There is a shortage of psychiatrists nationwide, and managed care organizations face many challenges in providing effective care for these patients, according to Jessica L. Ho, PharmD, BCPS, BCPP, a clinical pharmacy specialist at Kaiser Permanente of the Mid-Atlantic States in Virginia, who discussed this condition from a managed care perspective at the AMCP Annual Meeting 2018.

Current goals for the management of depression include achieving response and remission, reducing recurrence, optimizing treatment strategies, improving antidepressant adherence, and addressing medical and psychiatric needs. Strategies that can improve access to care include focusing on screening in primary care, educating primary care providers, developing treatment guidelines, referring patients to mental health specialties, using technology such as telepsychiatry, and integrating mental health specialists into the primary care sphere.

Collaborative care is important to managing depression and should include a treatment plan and protocol, practice reorganization, systematic attention, and targeted outcomes. Collaborative care has documented effectiveness and is associated with lower overall healthcare costs than usual care.

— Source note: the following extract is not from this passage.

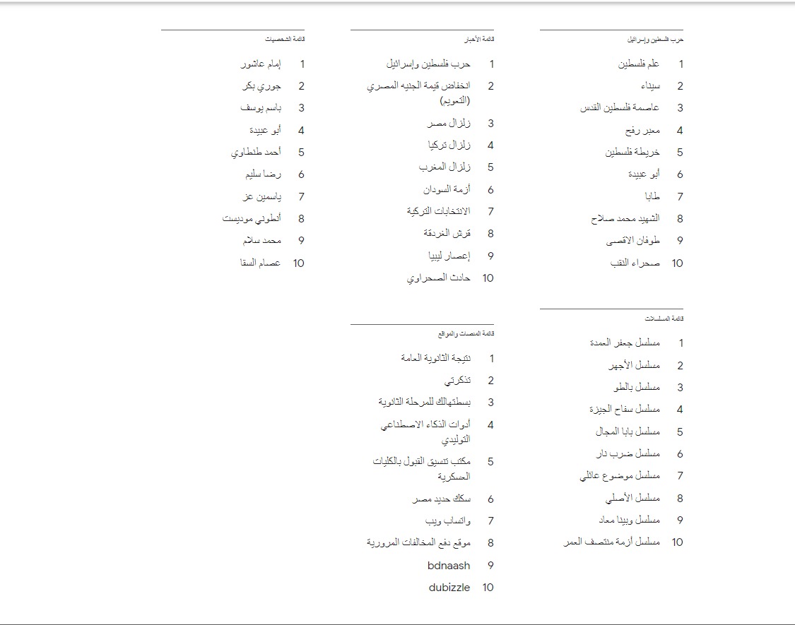 كشفت مؤشرات جوجل عن أبرز الأخبار التي بحث عنها المصريون في عام 2023، العام الذي يعد ملئ بالأحداث المختلفة، فمنها ما هو دولي خارج مصر، ومنها ما هو محلي، حيث كشفت مؤشرات بحث المصريين وفقا لجوجل أن الحرب على غزة هي الأكثر بحثا من المصريين خلال العام 2023، يأتي ذلك على الرغم من بدء الحرب يوم السابع من أكتوبر 2023 وتستمر حتى الآن.

A psychiatric pharmacist is another component of optimal depression care. This role can identify and correct medication-related problems, as well as optimize medications, minimize adverse events and drug–drug interactions, provide patient education, and reduce costs.

The benefits of implementing a psychiatric pharmacist include higher rates of antidepressant use, higher medication adherence rates, greater improvement in depression scores, higher patient satisfaction, fewer primary care visits, and overall cost savings.

Presentation F6: Holistic Management of Depression – The View from an Integrated Health Care System. AMCP Annual Meeting 2018.